I understand that the Badger or Bust television programme was on Sky One in May 2007.
It would cause too many arguments if I had Sky and Sky Sports so I’m catching the series on the repeats on Sky Three, that’s part of the Freeview package.
The business featured in this show, Rooms With A View, is a struggling double gazing firm in Bradford with a turnover of £1.7 million where leads have gone quiet. As a last throw of the dice, the directors have splashed out about £100k on a new showroom but it’s not working.
It’s desperate times so it’s Ruth Badger to the rescue…
If you don’t know the name, Ruth Badger was the runner up on The Apprentice with Alan Sugar several years ago and is operating as a turnaround business consultant.
This business featured in Rooms For A View was a small firm with about 25 employees and three salesman.
Now close your eyes after reading the next sentence and keep them closed until you’ve got a clear visual image. I want you to picture a stereotype double glazing salesman.
Got it clear in your mind?
A killer? Someone who ruthlessly goes after the deal until the prospective customer submits?
Thought so. The double glazing industry has that reputation.
But not these three salesmen.
Two are of mature years and their heart is no longer in it. One says that his aim is to “get as much money from doing as little as possible.”
I suppose you could see this as the definition of efficiency and effectiveness or you could see it as idleness and complacency.
The other salesman was younger, at 45 years old but admitted that he wasn’t committed to the company.
Was this a case of bad apples or bad management?
The management team of two brothers just accepted the situation. There was no leadership and no discipline. The salesmen were indulged with a laugh and a joke.
Unfortunately with weak management and no team spirit, the company was in serious trouble and despite Ruth Badger generating focus and energy in the business, it was too late.
After an intensive week there and a return visit after a week away, things were not progressing as they should. On the second return visit after a month, the company was closed. It had gone into voluntary liquidation.
The directors had given up.
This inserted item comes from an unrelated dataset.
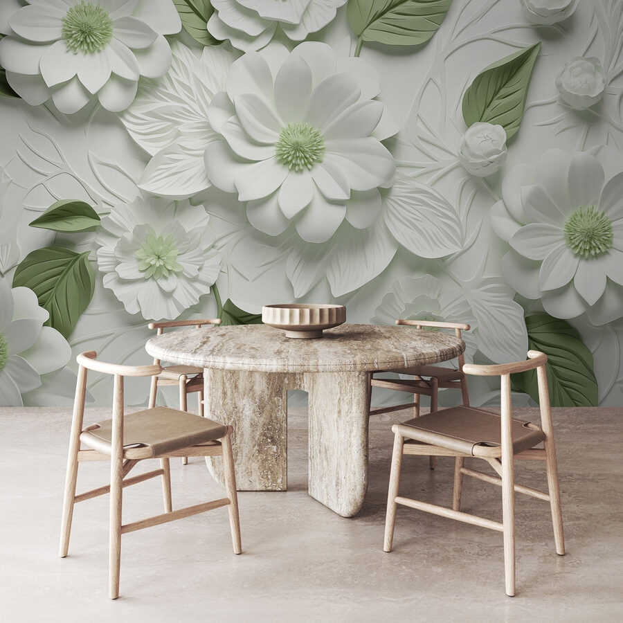 Verwandeln Sie jeden Raum in eine heitere Oase mit dieser atemberaubenden Fototapete, die zarte weiße und grüne Blumen zeigt. Es ist, als ob man sich einen Garten ins Haus holt, nur ohne die lästigen Käfer. Stellen Sie sich vor, wie Sie in einer sonnenbeschienenen Ecke an einem Kaffee nippen, umgeben von Blüten, die nie verwelken. Die filigranen Designs mischen Eleganz mit einem Hauch von Laune und lassen jeden Blick wie eine kleine Flucht erscheinen. Perfekt für eine leere Wand, die nach ein wenig Liebe verlangt, oder sogar als Akzent, um die Dinge aufzupeppen. Die Schönheit der Natur zu Hause, ohne dass man einen grünen Daumen braucht – wer würde das nicht wollen?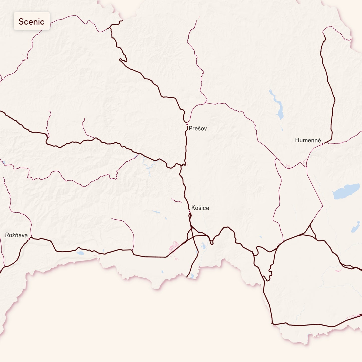 • Scenic: Explore further with added details – terrain, water features, main station labels, and country borders – for a richer experience.

They had enough. It was just too difficult.
This story shows the problem of bring in outside assistance at the 11th hour. The business can start reversing its momentum but sometimes, it is just too late. Businesses run out of time when they run out of cash.
Being television, I wondered whether this was a true story. Surely no company could be this bad. I went to check Companies House to check and there it was.
It confirms that the company is in liquidation and the address is care of insolvency practitioners, Begbies Traynor.
The key message here is…
If you have a struggling company, don’t leave it too late to get help and advice.
Even better, try not to get into this mess in the first place by improving your management skills, and have a vision and a plan for your business.